> _TASK GOAL_:
Copy, word for word, the lines of the listing below from the line with "圖8.11 板框壓濾機濾框、濾板和濾布" up to and including the line with "中山市教育局关于公布中山市2". Drop the pictures.
===== DATA RECORDS =====
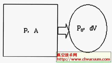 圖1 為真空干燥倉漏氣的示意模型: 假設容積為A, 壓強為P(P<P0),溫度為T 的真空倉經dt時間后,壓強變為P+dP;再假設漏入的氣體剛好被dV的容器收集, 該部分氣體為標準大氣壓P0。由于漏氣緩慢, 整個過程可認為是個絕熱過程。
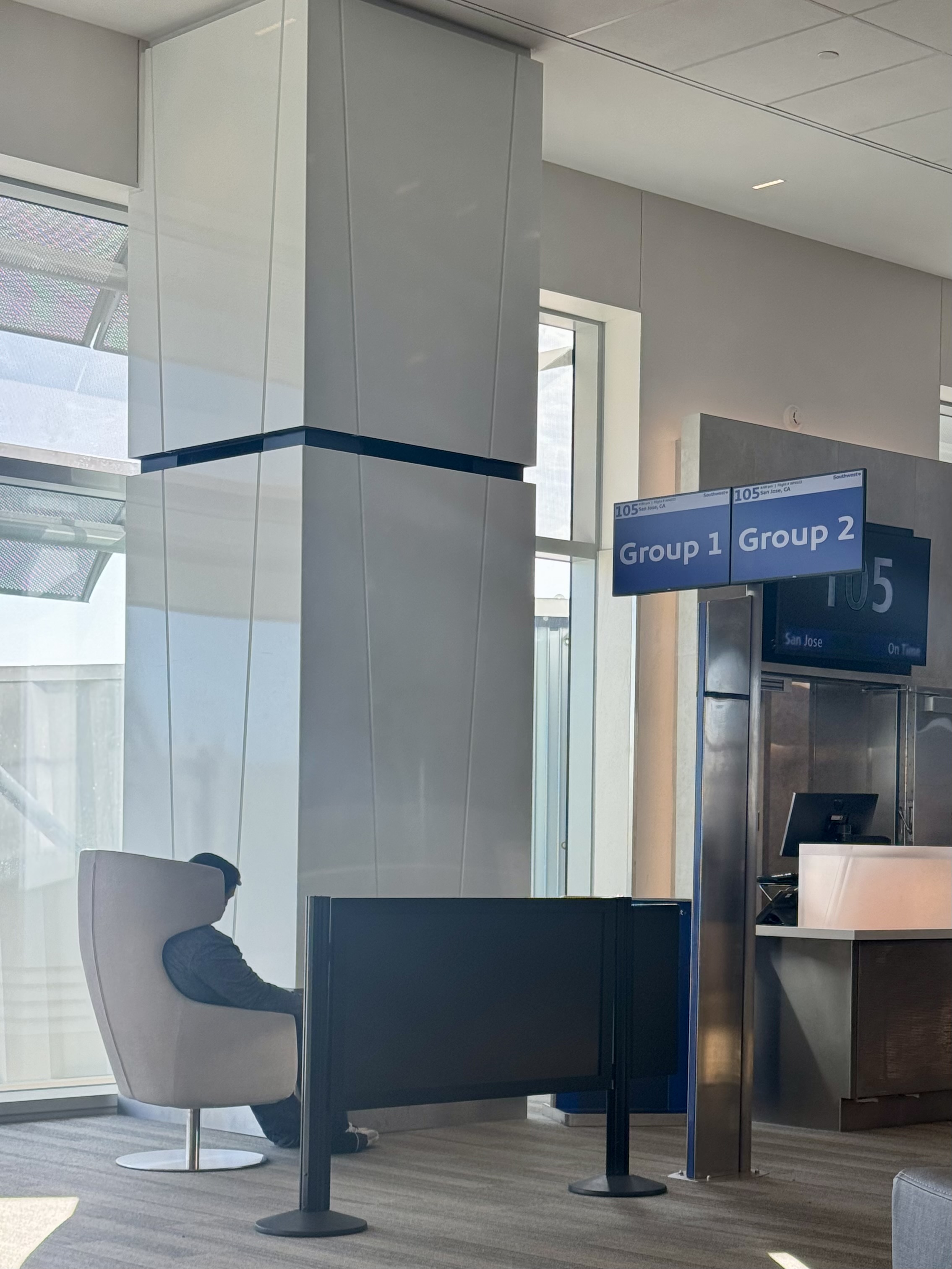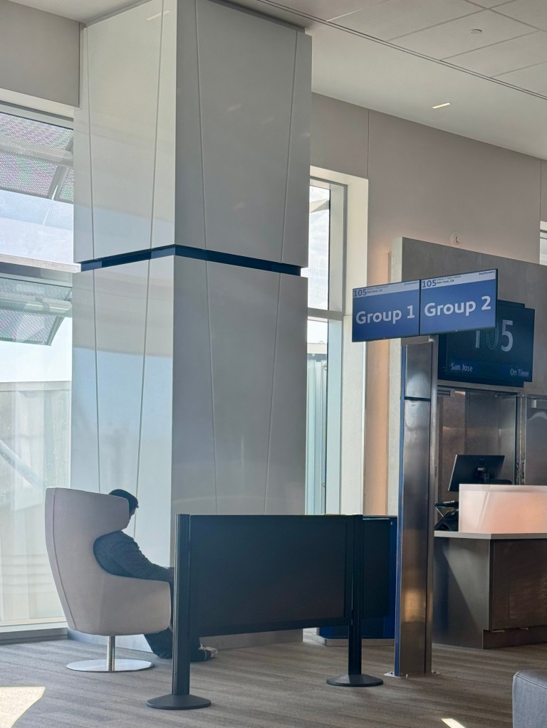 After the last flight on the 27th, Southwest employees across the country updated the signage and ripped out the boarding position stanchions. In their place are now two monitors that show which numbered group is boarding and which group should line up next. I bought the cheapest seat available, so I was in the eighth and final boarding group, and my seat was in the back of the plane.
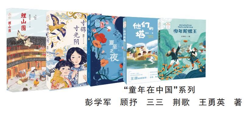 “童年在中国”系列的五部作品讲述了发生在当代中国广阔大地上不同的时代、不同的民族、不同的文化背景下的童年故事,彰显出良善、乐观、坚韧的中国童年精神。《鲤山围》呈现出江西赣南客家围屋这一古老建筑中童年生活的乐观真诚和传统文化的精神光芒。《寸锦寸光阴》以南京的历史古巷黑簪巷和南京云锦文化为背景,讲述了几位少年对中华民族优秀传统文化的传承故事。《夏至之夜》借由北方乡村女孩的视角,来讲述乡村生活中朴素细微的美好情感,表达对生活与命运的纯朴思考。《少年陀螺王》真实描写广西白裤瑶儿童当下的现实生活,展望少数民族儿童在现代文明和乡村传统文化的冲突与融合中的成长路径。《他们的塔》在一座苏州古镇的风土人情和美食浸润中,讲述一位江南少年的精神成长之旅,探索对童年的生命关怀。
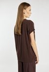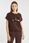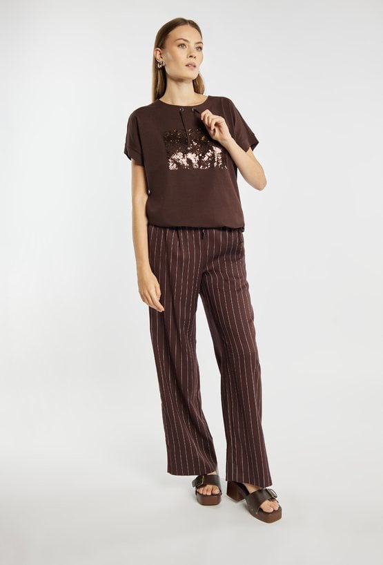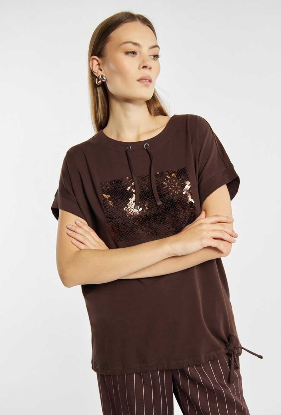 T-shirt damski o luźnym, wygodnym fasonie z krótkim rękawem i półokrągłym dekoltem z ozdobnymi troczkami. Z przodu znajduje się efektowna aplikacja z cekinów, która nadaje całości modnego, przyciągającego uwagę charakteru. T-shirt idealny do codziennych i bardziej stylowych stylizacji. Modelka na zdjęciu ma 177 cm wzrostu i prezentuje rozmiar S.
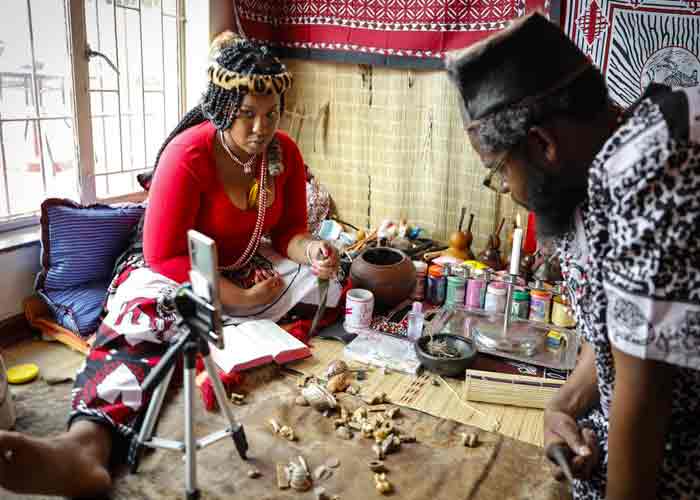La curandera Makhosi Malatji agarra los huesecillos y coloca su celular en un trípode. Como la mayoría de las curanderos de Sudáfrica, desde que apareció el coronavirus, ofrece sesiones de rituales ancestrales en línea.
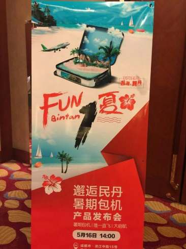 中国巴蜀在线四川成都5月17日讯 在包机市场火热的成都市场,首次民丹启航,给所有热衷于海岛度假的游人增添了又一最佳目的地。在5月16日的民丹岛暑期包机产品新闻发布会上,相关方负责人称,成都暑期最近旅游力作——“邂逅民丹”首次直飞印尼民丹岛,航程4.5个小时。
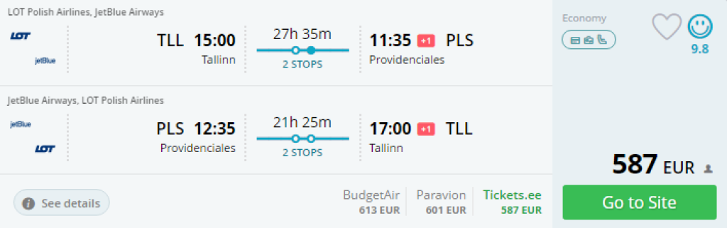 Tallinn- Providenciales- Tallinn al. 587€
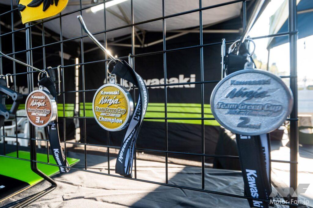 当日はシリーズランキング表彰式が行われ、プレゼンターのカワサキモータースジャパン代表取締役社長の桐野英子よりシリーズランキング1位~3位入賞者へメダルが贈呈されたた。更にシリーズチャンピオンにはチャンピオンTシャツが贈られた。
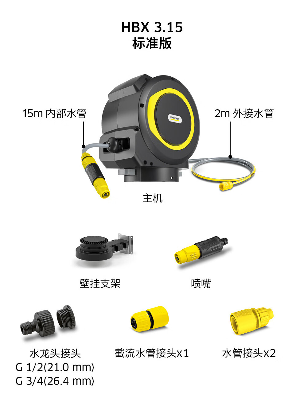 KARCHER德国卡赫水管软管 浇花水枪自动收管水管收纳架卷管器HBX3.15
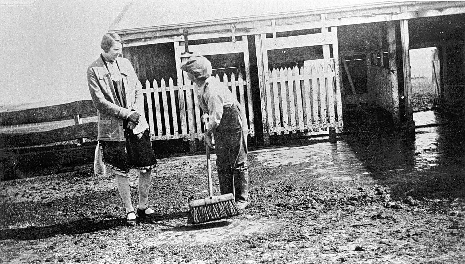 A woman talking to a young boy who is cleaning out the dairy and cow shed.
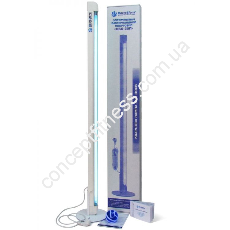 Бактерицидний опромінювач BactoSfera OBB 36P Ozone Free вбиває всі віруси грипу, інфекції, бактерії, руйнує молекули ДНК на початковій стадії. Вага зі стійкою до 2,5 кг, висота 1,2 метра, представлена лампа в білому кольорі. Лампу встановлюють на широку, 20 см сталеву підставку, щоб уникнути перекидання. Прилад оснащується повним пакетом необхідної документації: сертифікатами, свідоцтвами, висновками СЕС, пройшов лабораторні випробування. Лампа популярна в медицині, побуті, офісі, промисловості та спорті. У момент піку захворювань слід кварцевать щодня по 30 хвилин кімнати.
=====
===== DATA RECORDS =====
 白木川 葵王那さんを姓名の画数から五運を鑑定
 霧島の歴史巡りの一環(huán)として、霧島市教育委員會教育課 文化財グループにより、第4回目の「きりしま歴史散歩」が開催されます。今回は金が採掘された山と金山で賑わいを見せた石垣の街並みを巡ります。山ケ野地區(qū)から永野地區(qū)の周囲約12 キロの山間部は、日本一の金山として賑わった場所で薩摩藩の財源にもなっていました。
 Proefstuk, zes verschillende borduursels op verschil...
=====
===== DATA RECORDS =====
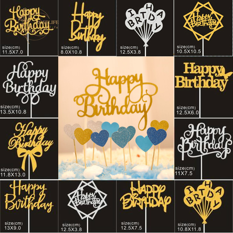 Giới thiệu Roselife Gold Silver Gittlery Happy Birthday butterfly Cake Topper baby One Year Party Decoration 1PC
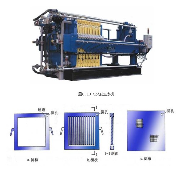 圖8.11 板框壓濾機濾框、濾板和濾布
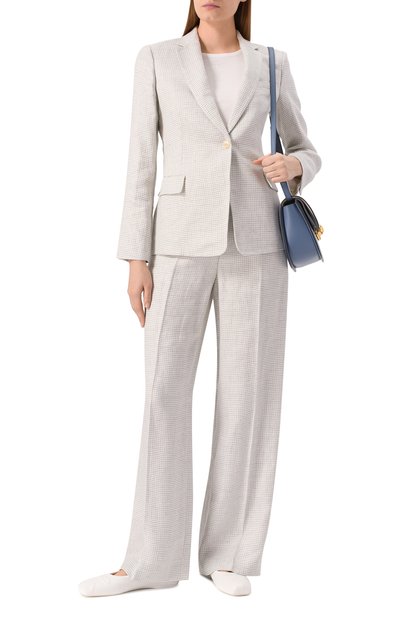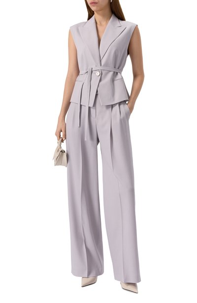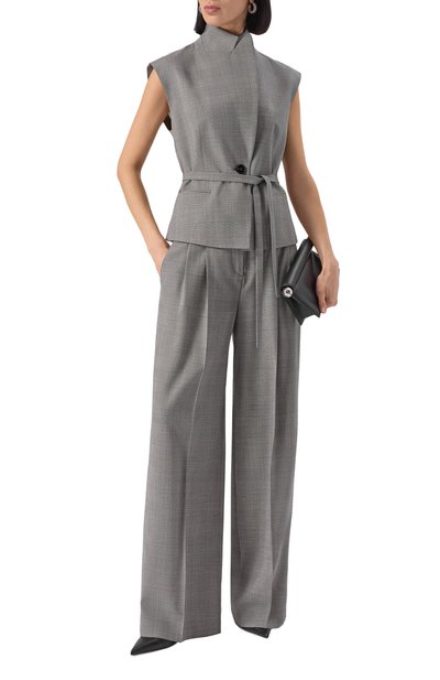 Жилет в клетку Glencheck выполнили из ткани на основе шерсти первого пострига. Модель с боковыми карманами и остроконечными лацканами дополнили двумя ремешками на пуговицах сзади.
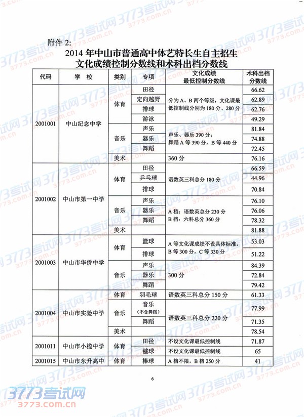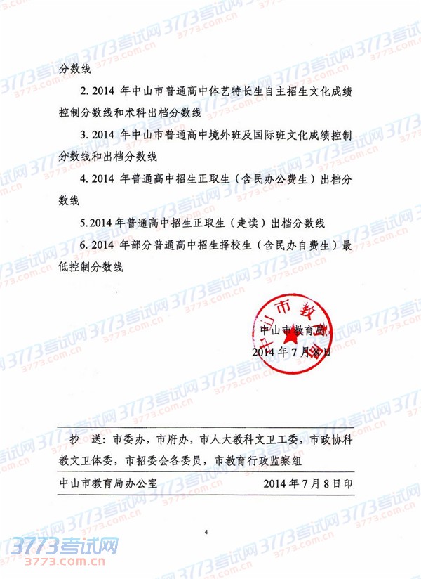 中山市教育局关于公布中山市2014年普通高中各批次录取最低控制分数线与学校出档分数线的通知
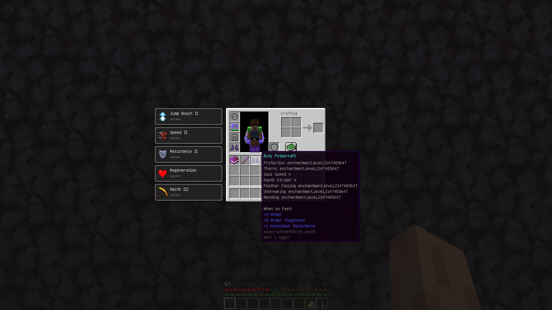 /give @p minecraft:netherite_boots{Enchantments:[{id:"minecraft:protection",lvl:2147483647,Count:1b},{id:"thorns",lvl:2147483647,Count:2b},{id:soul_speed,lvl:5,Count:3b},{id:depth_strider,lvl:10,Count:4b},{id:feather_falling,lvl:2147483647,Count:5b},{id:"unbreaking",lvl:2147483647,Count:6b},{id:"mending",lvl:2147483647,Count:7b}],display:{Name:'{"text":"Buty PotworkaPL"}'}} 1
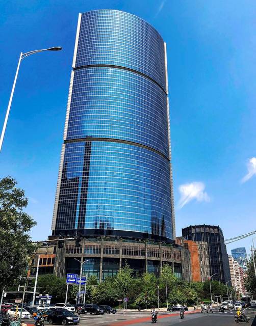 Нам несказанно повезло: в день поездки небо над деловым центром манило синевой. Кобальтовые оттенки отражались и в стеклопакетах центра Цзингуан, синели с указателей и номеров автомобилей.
=====
> _EXPECTED ANSWER_:
 圖8.11 板框壓濾機濾框、濾板和濾布
 Жилет в клетку Glencheck выполнили из ткани на основе шерсти первого пострига. Модель с боковыми карманами и остроконечными лацканами дополнили двумя ремешками на пуговицах сзади.
 中山市教育局关于公布中山市2014年普通高中各批次录取最低控制分数线与学校出档分数线的通知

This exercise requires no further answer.